Renzi, the 39-year-old mayor of Florence, met for more than an hour with President Giorgio Napolitano. Afterward he said he would go to work immediately on forging a new coalition, with talks with potential partners formally beginning on Tuesday.
Renzi said he would need a "few days" before seeing whether he can succeed.
But he told reporters by the end of the month he would propose new legislation to reform Italy's electoral law to make the country more governable. By March, he promised new measures to create jobs in a country where 40 per cent of young people are without work. April and May would bring other reforms, he vowed.
"I will put all the courage, energy, and enthusiasm I can muster to deal with the most important emergency: that of the labour market," he said after the meeting.
Renzi had orchestrated a mutiny within the Democratic Party to oust Enrico Letta as premier last week, accusing him of failing to jumpstart Italy's economy, even though Italy reported its first positive GDP in nearly three years that same week.
Renzi's first challenge is to form a coalition government that can win confidence votes in both houses of Parliament. That's no easy task, given that his aggressive power-grab has alienated even some within his own Democratic Party.
Outside the Quirinale palace on Monday, the small centre-right Italy Brothers party staged a protest shouting "Elections!
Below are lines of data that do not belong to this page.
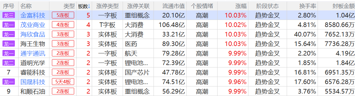 焦点股方面,并购重组的国晟科技15天10板、金富科技5连板,商业航天概念股航天发展11天7板,股权转让的梦天家居8天6板,大消费板块茂业商业4连板。
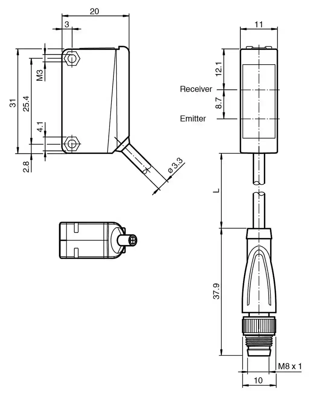 Retroreflective sensor. Retroreflective sensor with polarization filter, plastic housing, 5 m detection range, red light, sensitivity adjuster, light/dark on, DC version, PNP output, fixed cable with M8 plug, Miniature design, Easy to use, Clearly visible LEDs for Power ON, switching state and weak signal indication, Full metal thread mounting, Very bright, highly visible light spot. Effective detection range: 0 … 5 m. Reflector distance: 0.02 … 5 m. Threshold detection range: 7 m. Reference target: H50 reflector. Light source: LED. Light type: modulated visible red light. Polarization filter: yes. Diameter of the light spot: approx. 500 mm at a distance of 7 m. Opening angle: approx. 4 °. Optical face: frontal. Ambient light limit: EN 60947-5-2:2007+A1:2012. MTTFd: 860 a. Mission Time (TM): 20 a. Diagnostic Coverage (DC): 0 %. Operation indicator: LED green: power on. Function indicator: LED yellow: lights up when receiving the light beam ; flashes when falling short of the operating reserve; OFF when light beam is interrupted. Control elements: sensitivity adjustment. Control elements: Light-on/dark-on changeover switch. Operating voltage: 10 … 30 V DC. Ripple: max. 10 %. No-load supply current: < 20 mA. Switching type: The switching type of the sensor is adjustable. The default setting is: light-on. Signal output: 1 PNP output, short-circuit protected, reverse polarity protected, open collector. Switching voltage: max. 30 V DC. Switching current: max. 100 mA , resistive load. Voltage drop: ≤ 1.5 V DC. Switching frequency: 1000 Hz. Response time: 0.5 ms. Product standard: EN 60947-5-2. UL approval: cULus Listed, Class 2 Power Source or listed Power Supply with a limited voltage output with (maybe integrated) fuse (max. 3.3 A according UL248), Type 1 enclosure. CCC approval: CCC approval / marking not required for products rated ≤36 V. Ambient temperature: -30 … 60 °C (-22 … 140 °F). Storage temperature: -40 … 70 °C (-40 … 158 °F). Degree of protection: IP67. Connection: 300 mm fixed cable with M8 connector, 4-pin. Material: . HousingPC (Polycarbonate)Optical facePMMA: . Housing: PC (Polycarbonate). Optical face: PMMA. Mass: approx. 20 g. Tightening torque, fastening screws: 0.6 Nm. Dimensions: . Height31 mmWidth11 mmDepth20 mm: . Height: 31 mm. Width: 11 mm. Depth: 20 mm. Cable length: 0.3 m
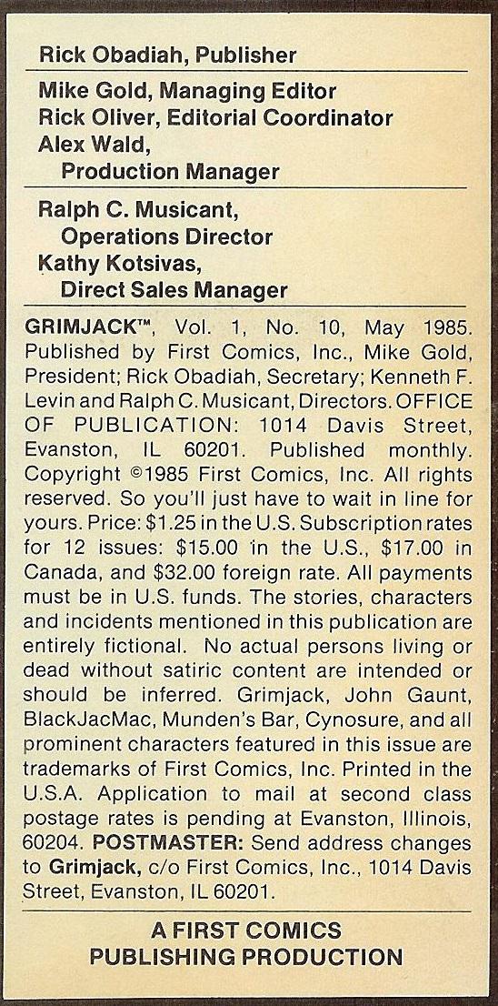 Grimjack [John Gaunt]; Jim Bell (death); Raiola (death); Roscoe Schumacher; Scofflaw; Spook; Henry "Dry" Gulch; Law-Killers [Lash; Preacher; Grunt]; Donovan; T.M.; Monte Rio
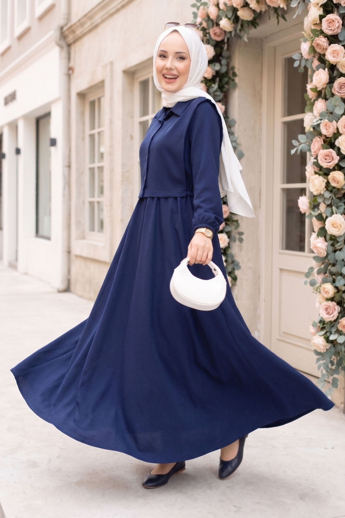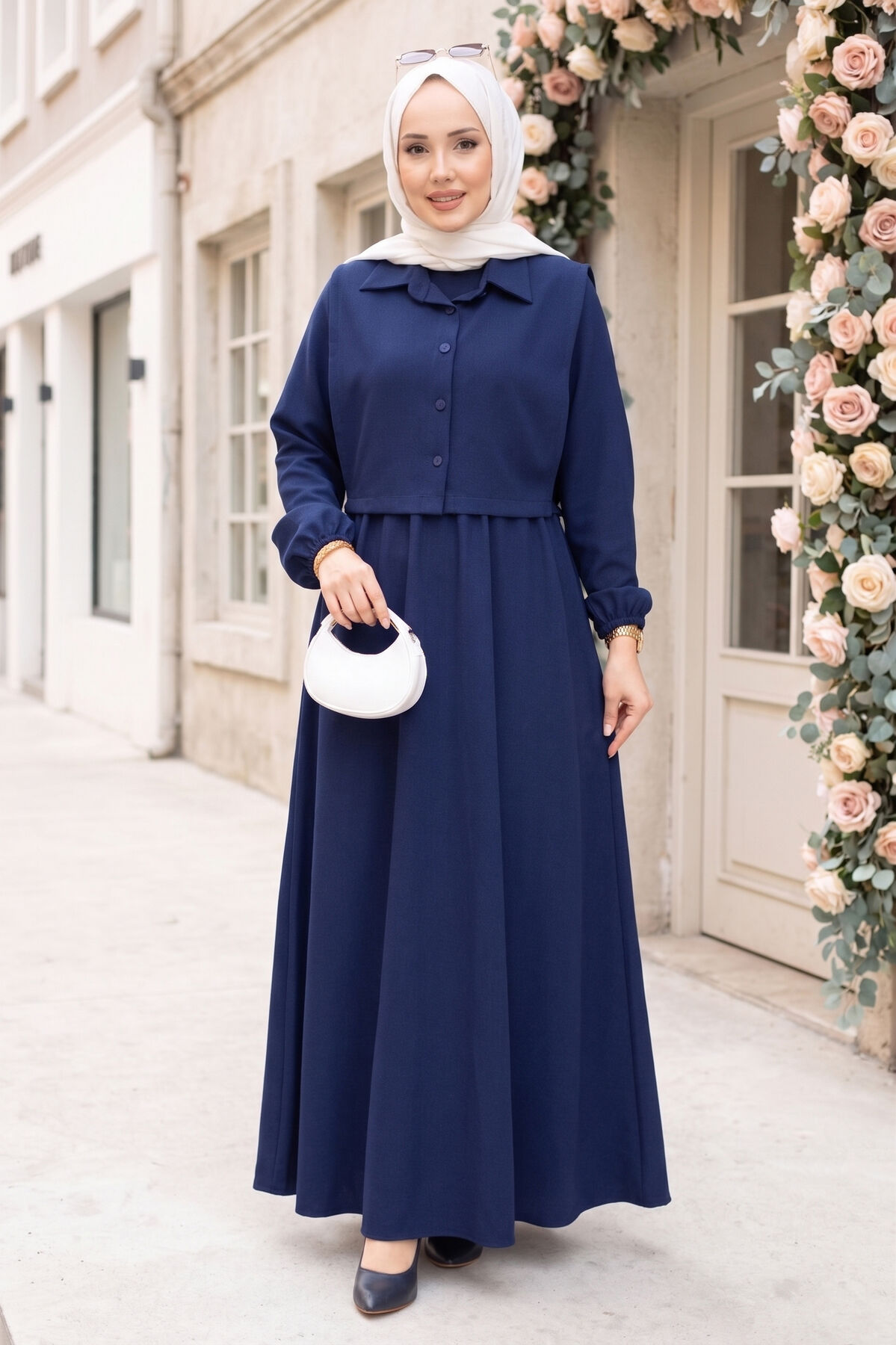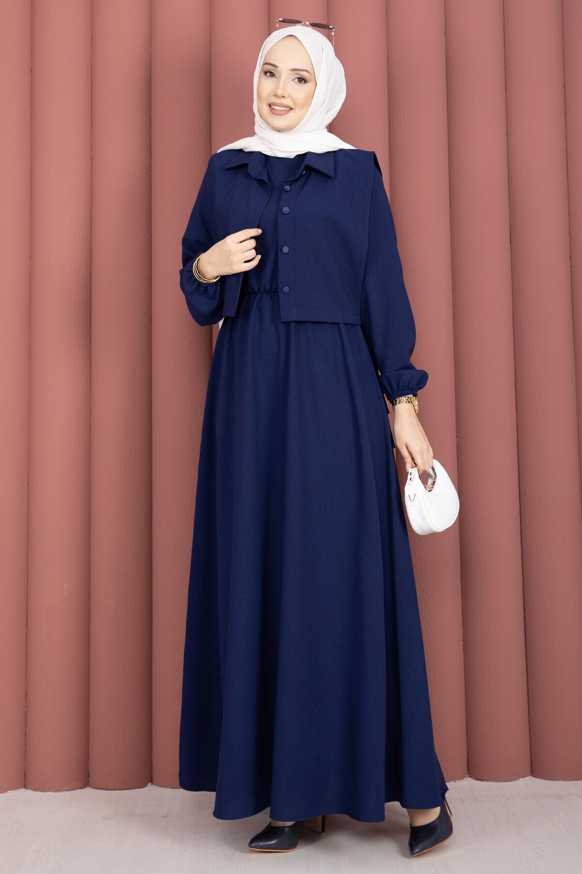 Bolerolu Tesettür Elbise Takım Lacivert Yorumları

Elections!" The party's leaders were incensed that Renzi was likely to become Italy's next premier without having ever run in a national election.
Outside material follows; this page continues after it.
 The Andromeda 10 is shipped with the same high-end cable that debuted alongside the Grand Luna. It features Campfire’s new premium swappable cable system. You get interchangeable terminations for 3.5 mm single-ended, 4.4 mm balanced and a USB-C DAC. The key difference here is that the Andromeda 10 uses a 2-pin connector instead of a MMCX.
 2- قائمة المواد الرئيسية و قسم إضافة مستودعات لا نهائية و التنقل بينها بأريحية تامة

He would be the third straight premier to get the job that way.
More importantly, the New Center Right party of Angelino Alfano, who had served as Letta's deputy premier, is holding off on giving Renzi his support until he sees the premier designate's plan of action.
Silvio Berlusconi's much larger Forza Italia party has said it would remain in opposition, while the anti-establishment 5 Star Movement has boycotted the transition process altogether.